◆ **Supplied material**
....

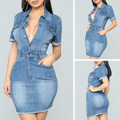 As a woman,such a sexy denim dress must fits your taste.It is finished with short sleeve,
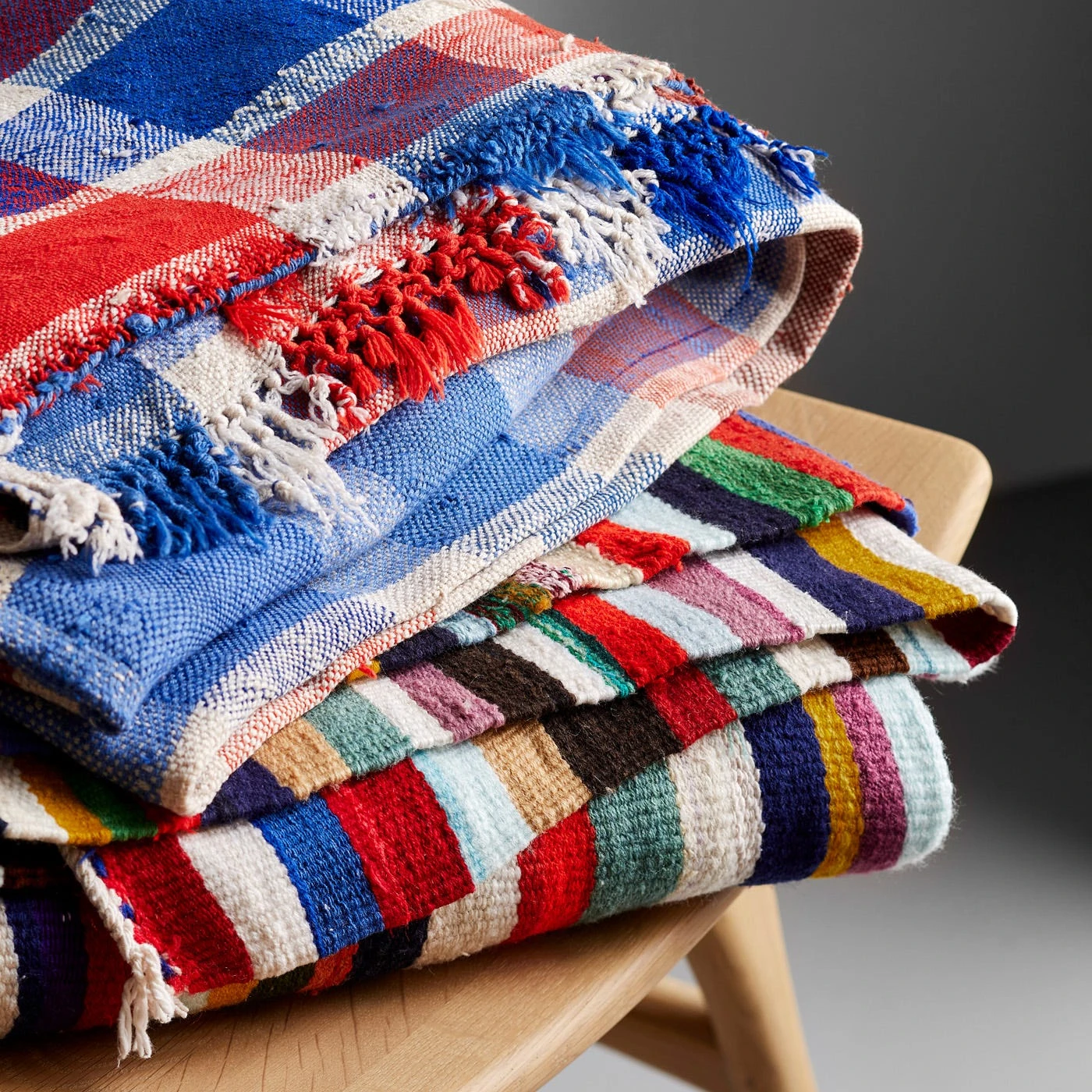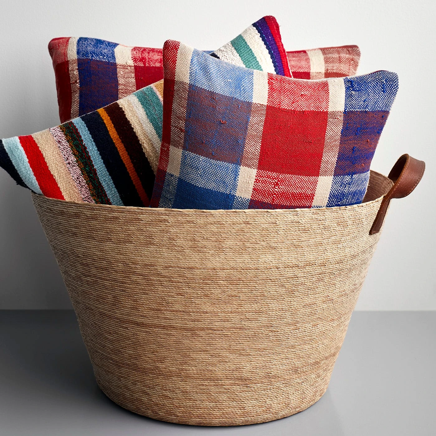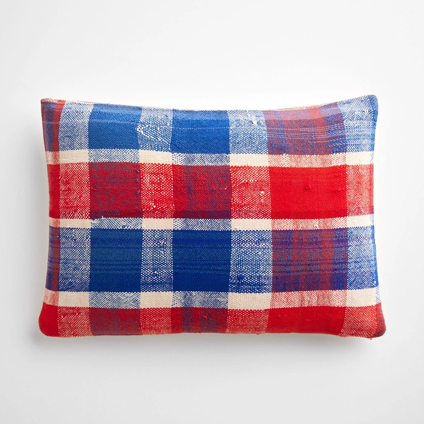 The 12″ x 18″ Rebia Plaid Throw Pillow Cover instantly infuses homes with a splash of bold color with its vibrant blue and red plaid pattern. These covers are made from vintage Moroccan fabrics created with weaving techniques passed down through generations. The beautifully handcrafted fabrics are sourced from from the Middle Atlas mountain range region of Morocco, then carefully cut to create individual, one-of-a-kind pillow covers. The back features a heavier linen and cotton blend fabric in a neutral beige color. Simply slip your pillow of choice inside and close with the concealed zipper.
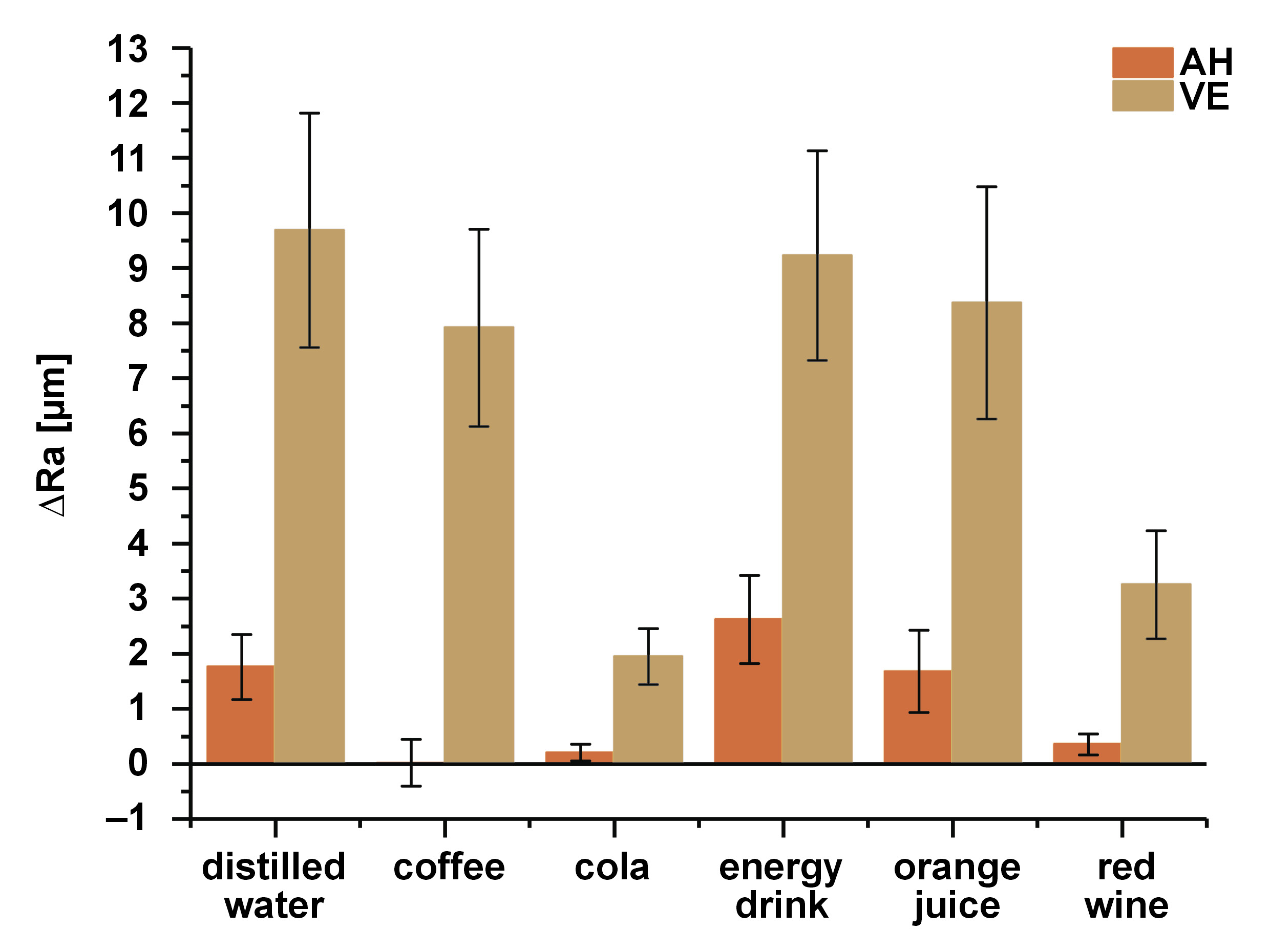The ΔRa results show that AH differed from VE (p < 0.05), except when exposed to cola (p = 0.168) (Figure 2). The type of beverage to which AH was exposed did not seem to influence the ΔRa results, while in the VE group, some differences could be detected between the beverages (immersion in cola and red wine presented a smaller roughness change as compared to other beverages tested): distilled water vs. cola (p < 0.001); distilled water vs. red wine (p < 0.001); coffee vs. cola (p < 0.001); coffee vs. red wine (p = 0.005); the energy drink vs. cola (p < 0.001); the energy drink vs. red wine (p < 0.001), orange juice vs. cola (p < 0.001); and orange juice vs. red wine (p = 0.002).

....

◆ **Exercise objective**
Copy the data word for word and omit every picture.

◆ **Output below**
 As a woman,such a sexy denim dress must fits your taste.It is finished with short sleeve,
 The 12″ x 18″ Rebia Plaid Throw Pillow Cover instantly infuses homes with a splash of bold color with its vibrant blue and red plaid pattern. These covers are made from vintage Moroccan fabrics created with weaving techniques passed down through generations. The beautifully handcrafted fabrics are sourced from from the Middle Atlas mountain range region of Morocco, then carefully cut to create individual, one-of-a-kind pillow covers. The back features a heavier linen and cotton blend fabric in a neutral beige color. Simply slip your pillow of choice inside and close with the concealed zipper.
The ΔRa results show that AH differed from VE (p < 0.05), except when exposed to cola (p = 0.168) (Figure 2). The type of beverage to which AH was exposed did not seem to influence the ΔRa results, while in the VE group, some differences could be detected between the beverages (immersion in cola and red wine presented a smaller roughness change as compared to other beverages tested): distilled water vs. cola (p < 0.001); distilled water vs. red wine (p < 0.001); coffee vs. cola (p < 0.001); coffee vs. red wine (p = 0.005); the energy drink vs. cola (p < 0.001); the energy drink vs. red wine (p < 0.001), orange juice vs. cola (p < 0.001); and orange juice vs. red wine (p = 0.002).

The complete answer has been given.